As you can't PM yet .... drop me an eMail to P4Skett (AT) aol (DOT) com ....

And I _*may*_ be able to put you in contact with someone who can _*possibly*_ repair it for you rather more cheaply.


----------



## SEIKO7A38

Speaking of Yema 'Divers' watches (using Seiko 7A38 movements), as we were ....

Thanks to a heads up from Lee ('Catflem'), I managed to pick one up very cheaply on eBay:

http://cgi.ebay.co.uk/ws/eBayISAPI.dll?ViewItem&item=220501628500










But my next (non-Seiko) 7A38 project should be even more interesting. :huh:

A complete re-build of a Yema Spationaute III !

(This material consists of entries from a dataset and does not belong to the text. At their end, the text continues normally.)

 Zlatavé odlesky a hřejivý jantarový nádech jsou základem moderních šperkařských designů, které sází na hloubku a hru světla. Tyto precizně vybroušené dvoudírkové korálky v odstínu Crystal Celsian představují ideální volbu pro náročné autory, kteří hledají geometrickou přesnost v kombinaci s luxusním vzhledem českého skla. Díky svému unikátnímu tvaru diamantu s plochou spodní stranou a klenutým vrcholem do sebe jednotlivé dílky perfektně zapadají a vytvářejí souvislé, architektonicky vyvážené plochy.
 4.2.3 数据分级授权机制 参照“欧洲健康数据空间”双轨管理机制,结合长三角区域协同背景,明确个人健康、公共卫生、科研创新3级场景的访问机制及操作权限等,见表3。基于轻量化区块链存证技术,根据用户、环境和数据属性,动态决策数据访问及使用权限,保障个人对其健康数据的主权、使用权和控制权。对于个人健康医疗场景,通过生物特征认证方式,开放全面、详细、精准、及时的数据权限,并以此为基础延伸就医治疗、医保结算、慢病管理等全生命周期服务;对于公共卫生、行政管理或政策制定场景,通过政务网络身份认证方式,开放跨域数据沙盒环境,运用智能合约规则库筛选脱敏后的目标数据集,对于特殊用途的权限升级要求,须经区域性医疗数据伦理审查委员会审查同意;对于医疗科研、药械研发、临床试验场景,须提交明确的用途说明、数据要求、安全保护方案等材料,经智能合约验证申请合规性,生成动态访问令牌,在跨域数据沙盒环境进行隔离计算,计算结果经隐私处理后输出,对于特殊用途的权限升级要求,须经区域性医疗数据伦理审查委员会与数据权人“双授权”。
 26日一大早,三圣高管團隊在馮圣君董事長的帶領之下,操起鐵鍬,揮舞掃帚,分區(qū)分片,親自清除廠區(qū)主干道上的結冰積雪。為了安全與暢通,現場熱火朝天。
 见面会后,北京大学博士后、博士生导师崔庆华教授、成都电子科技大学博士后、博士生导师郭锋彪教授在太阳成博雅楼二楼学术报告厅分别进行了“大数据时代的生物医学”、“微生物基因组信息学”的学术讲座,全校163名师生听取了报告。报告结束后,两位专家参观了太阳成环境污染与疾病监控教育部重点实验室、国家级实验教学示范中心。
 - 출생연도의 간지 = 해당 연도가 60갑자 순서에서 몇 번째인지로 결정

It's going to be based on this (for spares or repairs) 'beater': http://cgi.ebay.co.uk/ws/eBayISAPI.dll?ViewItem&item=180439687928

.... fitted with a fresh spare 7A38(A) movement, that I happen to have put to one side,

.... and a very special 'limited edition' Yema Spationaute III dial face: http://cgi.ebay.fr/ws/eBayISAPI.dll?ViewItem&item=350281346503

Note the Russian and French flags (instead of the usual 'Y' logo).


----------



## SEIKO7A38

A cross-posting from my 'collection' thread - my Kamatz and Yema '7A38 Pseudo Plongeurs':


----------



## seiko6139

I like Seiko 7A38s but the Yema versions are a bit ugly IMHO. Good for spare parts though. Mind you, 7A38s are very reliable. :thumbsup:


----------



## SEIKO7A38

seiko6139 said:


> I like Seiko 7A38s but the Yema versions are a bit ugly IMHO.

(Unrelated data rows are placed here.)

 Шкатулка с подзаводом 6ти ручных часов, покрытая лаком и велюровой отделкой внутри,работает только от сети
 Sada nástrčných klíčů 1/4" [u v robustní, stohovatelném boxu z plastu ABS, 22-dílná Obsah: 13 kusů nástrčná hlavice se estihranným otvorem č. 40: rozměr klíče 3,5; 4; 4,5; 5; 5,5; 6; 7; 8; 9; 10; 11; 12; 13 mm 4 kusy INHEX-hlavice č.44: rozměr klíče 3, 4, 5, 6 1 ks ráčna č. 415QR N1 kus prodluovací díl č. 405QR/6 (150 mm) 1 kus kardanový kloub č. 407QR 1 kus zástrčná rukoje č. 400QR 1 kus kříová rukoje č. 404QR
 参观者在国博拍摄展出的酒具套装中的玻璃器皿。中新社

What do you expect ?? :down: They're French ! :artist: Vive La Differance (and all that) ! :blind:


----------



## SEIKO7A38

SEIKO7A38Fan said:


> Speaking of Yema 'Divers' watches (using Seiko 7A38 movements), as we were ....
> 
> .... a Yema Spationaute III !


There is another well known Yema chronograph, which was based on the Seiko 7A38 movement -

(Well known, that is, to French Yema watch collectors, and very much sought after, apparently) ....

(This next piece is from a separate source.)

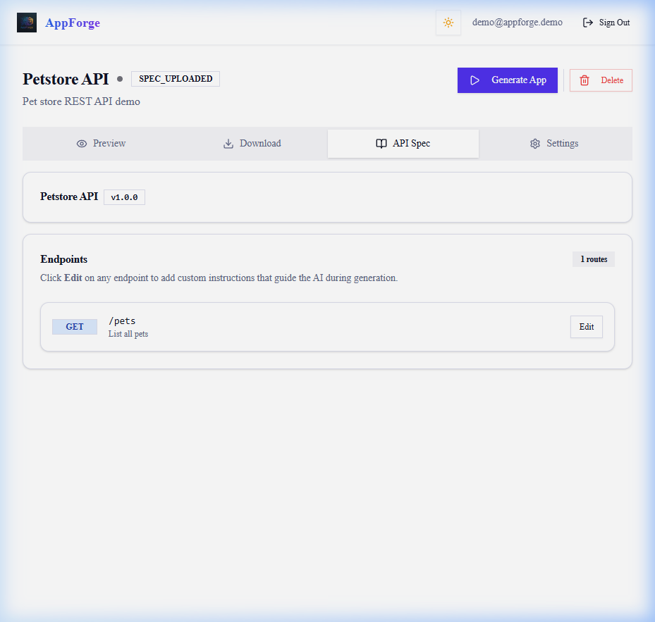 Upload your OpenAPI specification, select an LLM, and instantly generate a complete, deployable Next.js App Router application powered by Shadcn UI and Prisma.
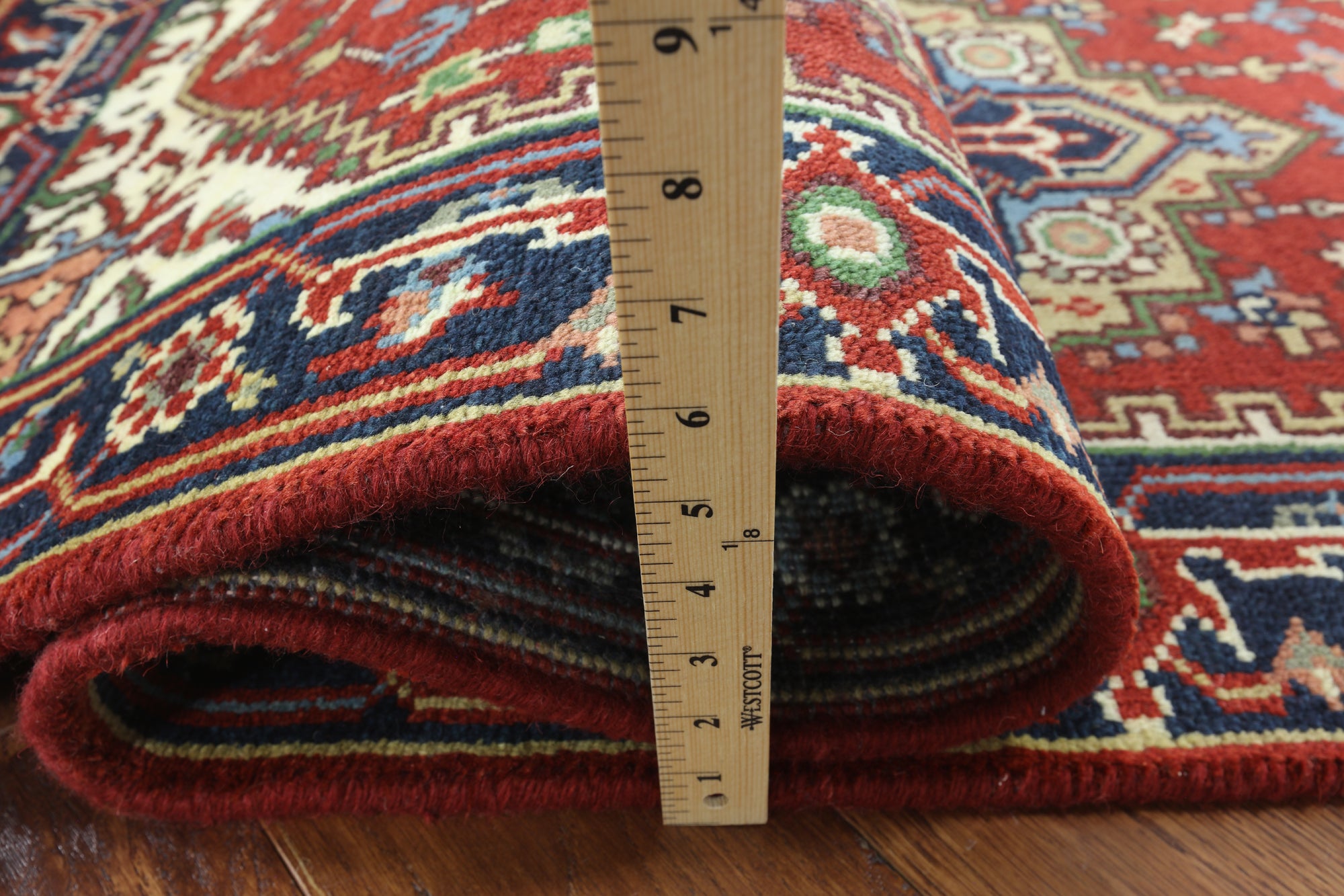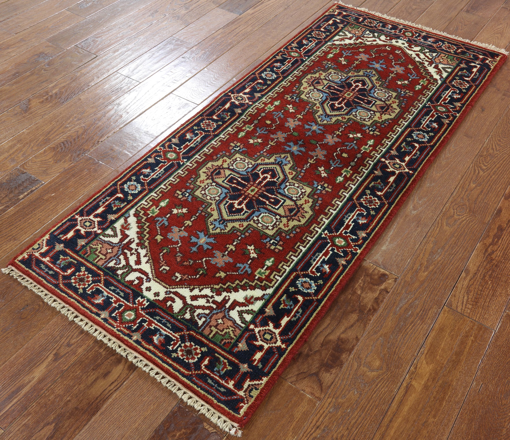 Heriz/Serapi Rugs are hand-knotted with a thick, heavy pile and a rich color palette. Most designs are large geometric medallions or an all over highly stylized floral motif design. Serapi’s are made with pure natural vegetable dyes, hand-spun wool, graphic designs and inspired artistry. Traditional Heriz colors are red, black, blues, & ivory.

.... the original Yema Flygraf, from 1989.










.... and I have one incoming, courtesey of eBay France. 

My latest non-Seiko 7A38 (seller's eBay listing photo):


----------



## seiko6139

I like the sliderule bezel Paul. I do prefer Seiko designs though.


----------



## SEIKO7A38

seiko6139 said:


> I like the sliderule bezel Paul. I do prefer Seiko designs though.


What's not to like, Ian ? :huh: Heck it's even got a 'Mercedes-Benz' hour hand. 

As I wrote in a previous post - it's French - so it's 'different'.

But to me, it's just another very collectable 7A38 based design.

Seiko did a couple of pretty awful-looking (IMHO) 7A38's by the way ....

Check out the 7A38-6060 Sports Diver for example: http://www.csce.uark.edu/~jgauch/photos/dir1/chrono_quartz/7A38-6060/index.html


----------



## SEIKO7A38

SEIKO7A38Fan said:


> .... the original Yema Flygraf, from 1989.
> 
> .... and I have one incoming, courtesey of eBay France.
> 
> My latest non-Seiko 7A38 (seller's eBay listing photo):


In fact, I was in such a rush to hit the 'Buy it Now' button, I didn't realize who I was buying from. :blush:

One might have been rather put off by the seller's choice of eBay username 'lowcostwatches' ....

.... and the worrying detail that they had a feedback rating of only (1) at the time I found their listings. <_<

(Note: You'll only be able to see the remaining items they have for sale on www.ebay.fr )

However, I've since been doing quite a bit of reading (in French) on FAM (Forumamontres) ....

.... in an effort to 'gen up' on Yema, and particularly their Seiko 7A38-based chrono's.

It turns out that the seller is the wife of none other than the former managing director of Yema ....

.... Louis-Eric Beckensteiner, who is now sadly selling off his personal Yema collection on eBay. 



Robert said:


> Their website, under historique, has a Flygraf under 1989.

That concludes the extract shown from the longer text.